Below is a listing; retype exactly the line with "O conjunto vem" and every line after it through the end, and only those, leaving out the pictures.

DATA IN THIS EXERCISE =
▼
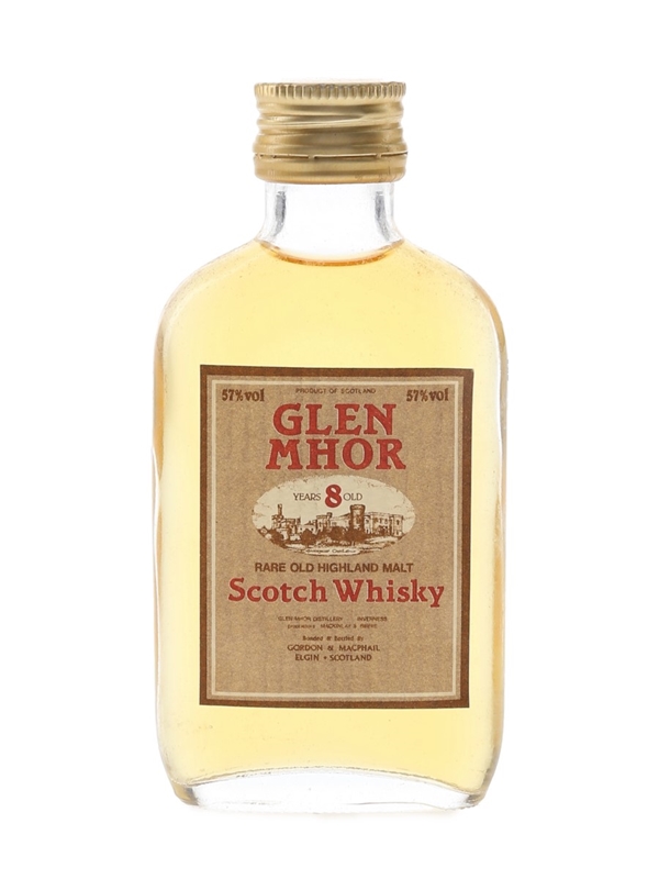 A miniature bottle of Glen Mhor 8 Year Old Rare Old Highland Malt Scotch Whisky bottled at 57% ABV by Gordon & MacPhail, we estimate in the 1980s.
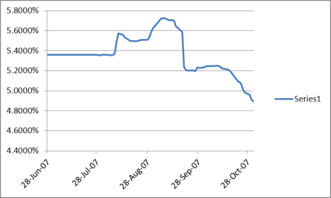 In fact what we see is remarkable consistency.  Indeed, for two extended periods, from Dec 26, 2006 until February 27, 2007, and then again from May 10, 2007 until July 26, 2007, we saw quite literally not a single change in the daily LIBOR rate of 5.36%.  For these two periods the graph is a perfectly flat line.
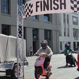 The Grand Annual Jolly Good Chaps Napier to Wellington 50cc Scooter Charity Challenge is a somewhat torturous charity event where participants ride a 50cc scooter from Mitre 10 Mega Napier carpark in Napier to the Wellington CBD.
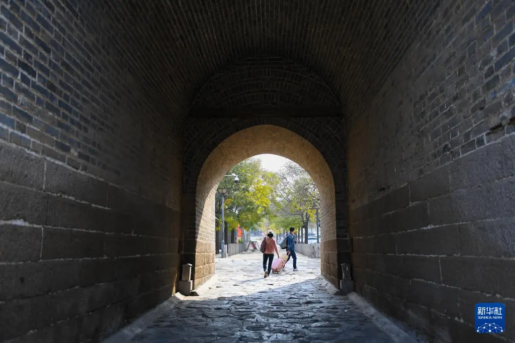 游客在北京市延庆区八达岭镇石峡村参观(11月7日摄)。
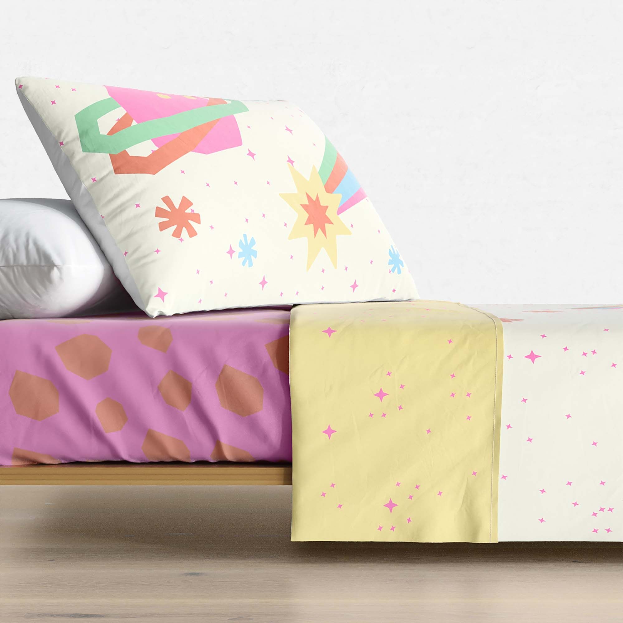 O conjunto vem com lençol de baixo com elástico, lençol de cima e fronha com estampas inspiradas no espaço sideral. Planetas coloridos e estrelas brilhantes em cores neon, adicionam um toque divertido, moderno e tecnológico aos quartinhos.
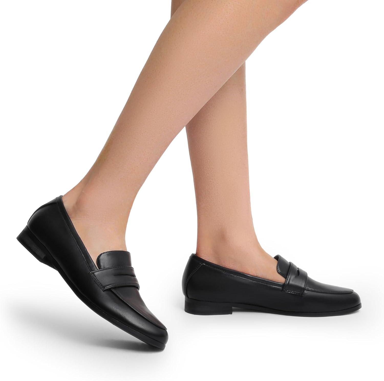 DREAM PAIRS Women’s Loafers Penny Loafers Fashion Comfortable Slip On Flats for Women Dressy Shoes Work Office,Size 8,Black-PU,SDLS2413W
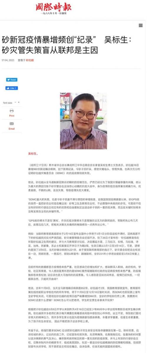 17/04/21 拿督吴标生:灾委会防疫政策失败
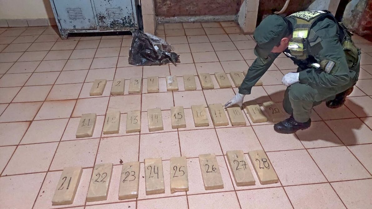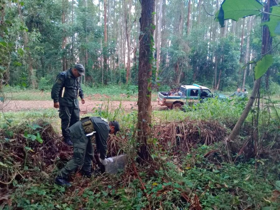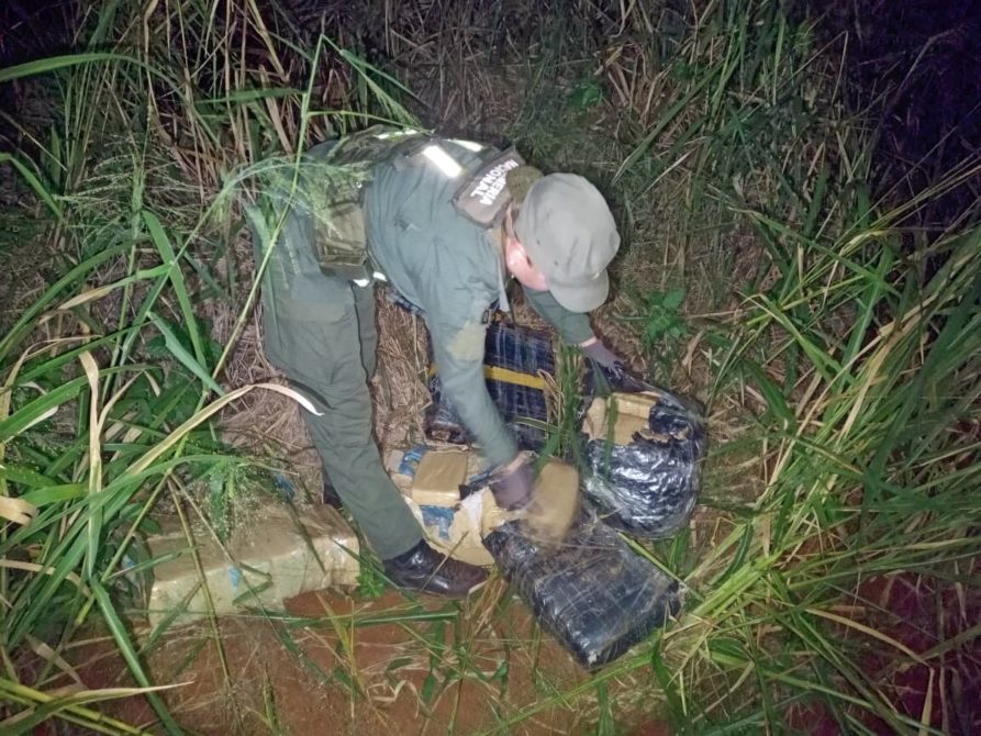 En un segundo procedimiento, integrantes del Grupo “El Alcázar”, dependiente del Escuadrón 10 “Eldorado”, se encontraban realizando Actividades de Patrullaje sobre caminos secundarios en inmediaciones a la Ruta Nacional Nº 12, momentos en los que advirtieron a dos personas mientras manipulaban un bulto de gran tamaño. Al notar la presencia de los uniformados, los individuos se adentraron rápidamente en la zona montuosa lindante sin poder darles alcance. Al inspeccionar el bulto hallado en el lugar se constató que dentro del mismo se encontraban acondicionados 28 paquetes rectangulares, cuyo contenido vegetal arrojó resultados positivos para “Cannabis Sativa”.
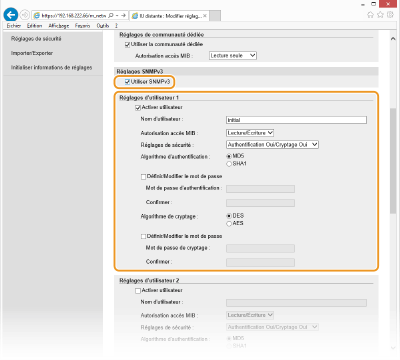 Cochez la case [Activer utilisateur] et définissez les réglages [Nom d'utilisateur], [Autorisation accès MIB] et [Réglages de sécurité].
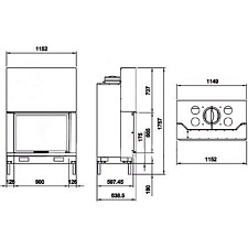Топка оснащена регулятором тяги, который автоматически открывается в момент поднятия дверцы. Съемные и поворачивающиеся задвижки, через которые поступает воздух. Выдвижной зольник. Съемные ножки.
▲
TASK ANSWER =
 O conjunto vem com lençol de baixo com elástico, lençol de cima e fronha com estampas inspiradas no espaço sideral. Planetas coloridos e estrelas brilhantes em cores neon, adicionam um toque divertido, moderno e tecnológico aos quartinhos.
 DREAM PAIRS Women’s Loafers Penny Loafers Fashion Comfortable Slip On Flats for Women Dressy Shoes Work Office,Size 8,Black-PU,SDLS2413W
 17/04/21 拿督吴标生:灾委会防疫政策失败
 En un segundo procedimiento, integrantes del Grupo “El Alcázar”, dependiente del Escuadrón 10 “Eldorado”, se encontraban realizando Actividades de Patrullaje sobre caminos secundarios en inmediaciones a la Ruta Nacional Nº 12, momentos en los que advirtieron a dos personas mientras manipulaban un bulto de gran tamaño. Al notar la presencia de los uniformados, los individuos se adentraron rápidamente en la zona montuosa lindante sin poder darles alcance. Al inspeccionar el bulto hallado en el lugar se constató que dentro del mismo se encontraban acondicionados 28 paquetes rectangulares, cuyo contenido vegetal arrojó resultados positivos para “Cannabis Sativa”.
 Cochez la case [Activer utilisateur] et définissez les réglages [Nom d'utilisateur], [Autorisation accès MIB] et [Réglages de sécurité].
Топка оснащена регулятором тяги, который автоматически открывается в момент поднятия дверцы. Съемные и поворачивающиеся задвижки, через которые поступает воздух. Выдвижной зольник. Съемные ножки.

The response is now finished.